Joan May on Procol Harum's erstwhile manager


Bill Graham, the brilliant and dynamic Rock Promoter and Innovator, and the Founder of Fillmores East and West, was Procol Harum's Manager in 1991. He was killed on 10/25/91, when the helicopter he was riding in crashed into an electrical tower during a storm on the way home from a gig, around the time that Procol began their Prodigal Stranger Tour.

In Graham's autobiography BILL GRAHAM PRESENTS (Doubleday, 1992), completed posthumously by Robert Greenfield, Gary Brooker and Robin Trower are quoted in praise of Graham's work (page 221). Gary eloquently describes how the Fillmore environment fostered the best possible performances out of the band, because of the close interaction between band and audience. Gary and Keith have said many times that the Fillmores were by far the greatest, most magical, places to play. I, as an audience member, can also attest to that!!

Here's a tribute to Bill Graham that I wrote for Al Kooper's Folder on America Online in 1995:

Subject: Bill Graham Date: 95-05-23 15:39:19 EDT From: Jem33 (Joan May)

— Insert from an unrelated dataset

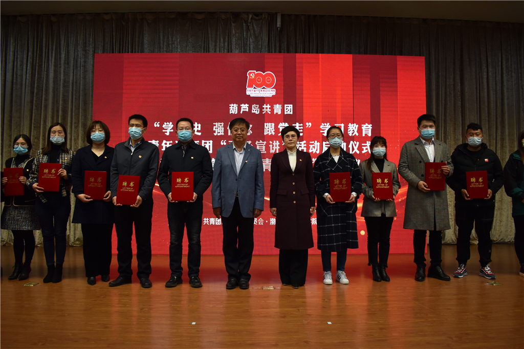 儀式上,團市委書記李嬌嬌、學院黨委書記李榮軍為葫蘆島共青團“學黨史、強信念、跟黨走”學習教育青年講師團代表頒發(fā)了聘書。

My husband and I used to go to the Fillmore just to watch Graham in action. He was Everywhere: pounding nails into the stage, cajoling musicians, breaking up incipient fights, and verbally vanquishing anyone who tried to stop him from practising his craft. He was almost an archetypal figure, the rugged-individualist self-made millionaire who started out as a penniless immigrant and created magic through his intelligence, courage and integrity. We wrote a letter of support to Rolling Stone at a time when he was being maligned by just about everyone, and got a very nice thank-you note from him, with a vague invitation to meet him, but we were too chicken to take him up on it, regretfully. I'm very sorry he died, but can't complain about the way he died: dramatically, with probably no more than a split second of suffering, while engaged in the work he loved. Though I didn't realize it until hearing the news the next day, I (and thousands of others) felt the exact moment of his death, because when his copter hit the tower, the lights in our house briefly dimmed - somehow a fitting goodbye.